[Research notes] The Wukan’s protests: just-in-time identification of international media events

Severo Marta – Université Lille 3 / Laboratoire GERiiCO
Giraud Timothée – CNRS / UMS RIATE
Douay Nicolas – Université Paris-Diderot / UMR Géographie-Cités 

 

Recently, the emergence of a huge amount of digital traces concerning social phenomena has deeply impacted the research on such items. Social scientists are trying to manage these new data and to find out how they can intervene in the study of their research objects. One of the most interesting perspectives that digital traces can open is surely the chance to study a “just-in-time” phenomenon, as it unfolds. This paper aims at analysing how digital traces can affect the research on international media events and at questioning whether, thanks to this new kind of data, it is possible to identify them as they unfold.
In the limits of this short research note, we are meant to present the research questions and the preliminary results of a research project, called GEOMEDIA, which intends to build a sensor of international media events, based on the just-in-time analysis of RSS feeds of newspapers. This project is piloted by the International College for Territorial Sciences (www.gis-cist.fr) and financed by the French national research agency ANR – www.geomediatic.net).

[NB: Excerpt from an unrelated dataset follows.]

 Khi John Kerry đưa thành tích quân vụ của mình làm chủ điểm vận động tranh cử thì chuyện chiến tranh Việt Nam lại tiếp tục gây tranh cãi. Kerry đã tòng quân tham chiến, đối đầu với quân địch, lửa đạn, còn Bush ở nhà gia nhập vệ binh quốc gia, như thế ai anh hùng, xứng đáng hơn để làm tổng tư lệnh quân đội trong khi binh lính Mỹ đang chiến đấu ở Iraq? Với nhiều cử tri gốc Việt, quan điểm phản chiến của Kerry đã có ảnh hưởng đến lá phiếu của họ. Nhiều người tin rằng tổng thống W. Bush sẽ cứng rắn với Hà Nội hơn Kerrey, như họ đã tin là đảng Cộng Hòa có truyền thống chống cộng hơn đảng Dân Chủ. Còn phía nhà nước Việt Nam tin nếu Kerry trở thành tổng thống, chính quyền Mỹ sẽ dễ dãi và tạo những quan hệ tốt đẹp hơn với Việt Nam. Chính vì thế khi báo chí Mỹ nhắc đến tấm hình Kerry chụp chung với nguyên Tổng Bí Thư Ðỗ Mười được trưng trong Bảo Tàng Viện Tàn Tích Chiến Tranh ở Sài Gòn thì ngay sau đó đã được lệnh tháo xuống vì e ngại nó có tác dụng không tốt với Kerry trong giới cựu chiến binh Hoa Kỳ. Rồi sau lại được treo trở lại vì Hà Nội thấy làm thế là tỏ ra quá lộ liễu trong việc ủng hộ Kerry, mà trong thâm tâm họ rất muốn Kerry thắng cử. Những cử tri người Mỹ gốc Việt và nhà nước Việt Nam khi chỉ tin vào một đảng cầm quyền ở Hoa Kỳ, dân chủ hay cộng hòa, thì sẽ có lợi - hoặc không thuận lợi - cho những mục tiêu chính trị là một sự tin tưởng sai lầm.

The identification of international media events

In the last decades, several scholars have worked on the definition and identification of media events (Galtung and Ruge, 1965; McCombs and Shaw, 1972; Dayan and Katz, 1992). Among them, some investigated cross-national media coverage of different types of events (Herkenrath and Knoll, 2011; Koopmaas and Vliegenthart, 2011) and focused on mechanisms that may explain diffusion of media attention. By creating a GEOMEDIA research group that combines specialists in geography, media studies and computer science, the International College for Territorial Sciences hopes to develop fruitful interactions between disciplines necessary to study international events (Wolton, 2003) with a multi-dimensional viewpoint (Steinberger et al. 2005) and thanks to a “just-in-time” sensor based on media digital traces. Among the numerous research issues that this project copes with, this paper will discuss two of them:

  1. The data. Where to find and how to collect media data useful for a “just-in-time” analysis?
  2. The spatio-temporal analysis of data. How to study diffusion of event news and notably the interactions between the special and temporal dimension?

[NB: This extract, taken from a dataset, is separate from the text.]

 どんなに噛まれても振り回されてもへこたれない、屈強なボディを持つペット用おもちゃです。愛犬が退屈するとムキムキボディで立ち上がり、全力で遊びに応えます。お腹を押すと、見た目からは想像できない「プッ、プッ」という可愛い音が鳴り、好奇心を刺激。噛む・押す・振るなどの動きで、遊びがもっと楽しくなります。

These two issues will be developed though out the presentation of a case study: the analysis of the Wukan’s protests. Wukan is a small village of 20,000 habitants in southern of China. On the 23rd of September 2011, several newspapers published the news that villagers rioted over land grab (Douay, 2011; Douay et al, 2012). In few months about one thousand articles have been published on worldwide foreign dailies about the Wukan’s protests.

 Media data: from commercial databases to RSS fields

As known (Earl et al, 2004), the use of newspaper data for studying events such as collective actions (as in our case) may raise several critics concerning the data collection and the selection and description bias related to articles’ content (McCarthy and McPhail, 1996). Yet, one of the reasons that motivated our study was the chance of building a coherent and complete corpus of articles.
Another important issue related to this type of data is that they can be retrieved only in commercial databases such as DowJones Factiva (used in this research), LexisNexis or Europresse. The use of these databases is not only expensive, but it also raises several technical (i.e. it is not possible to extract more than 100 items simultaneously) and methodological problems (i.e. the lack of transparency concerning keywords and the the inhomogeneous coverage of sources). This is why that the use we have done so far of this data is limited to counting articles by periods (days, weeks, months or years).
For these reasons, as a first step of our project, we are focusing our efforts on the search of other kind of media data suitable for building a “just-in-time” sensor of international events. We are testing the interest of using RSS feeds provided by the online version of Worldwide newspapers. RSS are supposed to have three great advantages: they are free; they may be archived and tagged without limits; they are generally provided as the news is ready (and consequently as the event unfolds) and they can therefore be suitable for a “just-in-time” analysis. We propose to build a database storing RSS feeds associated with articles published in one hundred newspapers in different parts of the World and to extract two types of information: flows among countries and international events. As a first step of this research, we are carrying out some case studies, as this one about Wukan, to testing the validity of RSS (compared to the entire articles) to identify events and the interest of combining media and geographical data for studying international events.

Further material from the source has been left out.